As for those few that hate wallpaper, it is my belief that secretly they really do like it, but they have had a bad experience with it in the past. Those bad experiences can vary, but most come down to one of two things. The paper starts peeling at the seams and edges, or it won’t come off at all. Both of these problems usually come down to one simple issue, and that is improper installation. If you just don’t feel you are up to the task of installing paper yourself, by all means, contact a professional.
However, if you are looking for a DIY project that won’t take too much of your time, following a few simple tips will make a huge difference in how well your wallpaper performs.

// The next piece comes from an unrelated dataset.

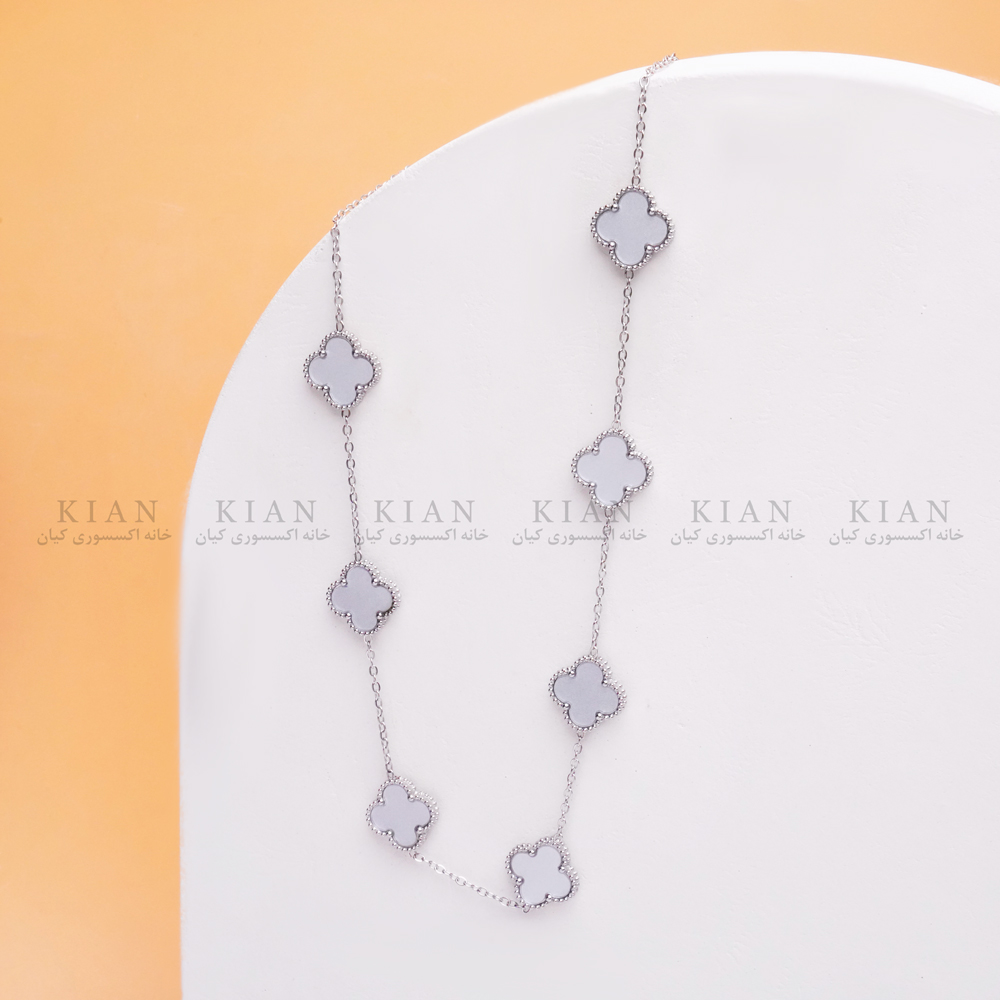 گردنبند ونکلیف نقره ای 5 ، گردنبند طوسی نقره ای 7 گل

The first step is preparing your walls correctly. Start by spackling and sanding just as you would if you were preparing to paint. Then prime the walls with a primer/sealer. Once the primer has had time to properly cure, use a level to make a light pencil mark, top to bottom, where each strip will be installed.
Start by cutting all of your strips to the size needed, allowing for pattern match and an additional four inches on each end.

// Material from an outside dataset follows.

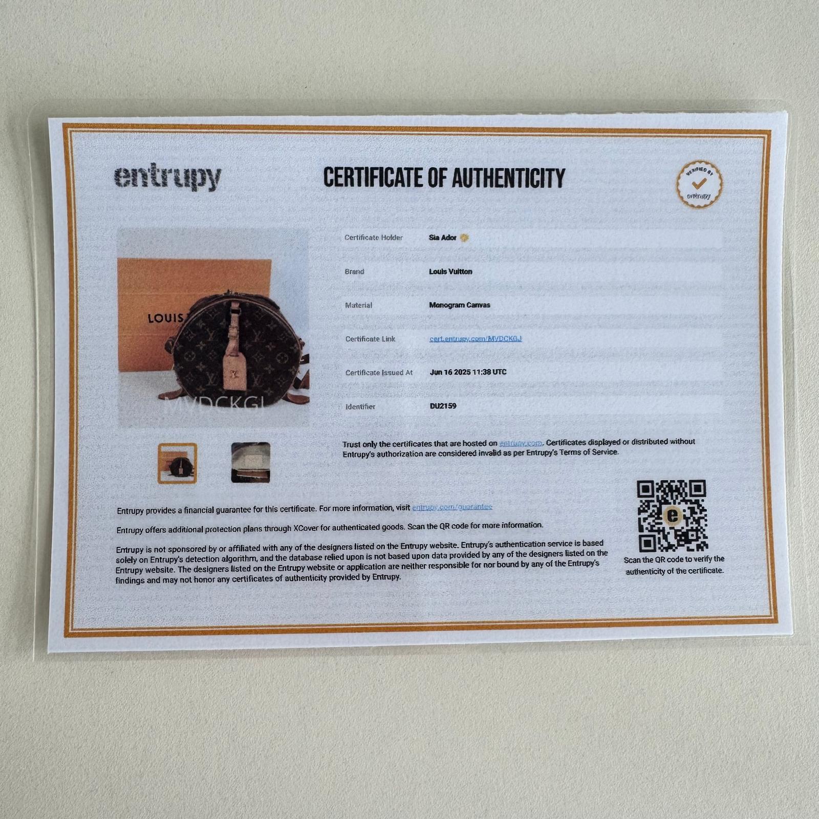 Comes With: Padlock with keys, box, dustbag, Entrupy certificate, papers

For most papers, use a premixed “clear hang” wallpaper adhesive. Apply the adhesive with a roller, instead of a brush. This will help you spread it more evenly and quickly. Apply the adhesive to the back of one half of the strips and allow it to cure according to the adhesives instructions.

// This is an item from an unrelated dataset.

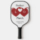 Monogram pickleball paddle with a nice wedding theme. A fun way to celebrate your wedding day. Customize the text on the paddle. You can add your desired name, monogram, initials, phrase, and date. Black and white colors with red hearts. Use the template to create your own monogram pickleball paddle.

To make the strip more manageable, professional installers then “book” each strip by lifting the end with the past gently bringing it to the center of the strip, being careful not to crease the paper where it folds. Basically you are folding the paper so that the glue is enclosed inside the paper. Then glue and book the other half of the strip. By doing this you will give yourself 10-15 minutes to hand the strip before the glue begins to dry.
Take the first strip to the wall and unfold the upper half of the paper and carefully align it to the pencil mark you put on the wall earlier, over lapping the crown molding or ceiling with the four inches you added to allow for irregularities at the ceiling.
Smooth the paper into place with your hands starting at the top and working outward and down until you reach the halfway point, where you will need to unfold the lower half and continue smoothing the bottom half.
Using a wide scraper and a sharp utility knife, trip off the excess along the ceiling and floor. Flatten any wrinkles with a plastic smoother. Continue installing the remaining strips in the same manner being careful to match any pattern. When you reach a corner, don’t be tempted to crease the paper into the corner and continue with the same strip onto the next wall. Paper bent around a corner, rarely sticks well. Instead, continue the paper only about ¼ inch beyond the corner. Overlap this ¼ inch with the next strip of paper, again making sure to match pattern. This works with both inside and outside corners.
When you are finished, don’t panic if you see an air bubble or two that you didn’t quite get smoothed out. Wait for all the glue to dry in the area surrounding the offending bubbles. Then, using an adhesive syringe, available at paint and hardware stores, pierce the bubbles and inject a few drops of adhesive under the paper. Then simply smooth the bubbles down with your fingers.
When the installation of your new paper is complete, whether you did it yourself or hired a professional, you will be glad you gave wallpaper another chance.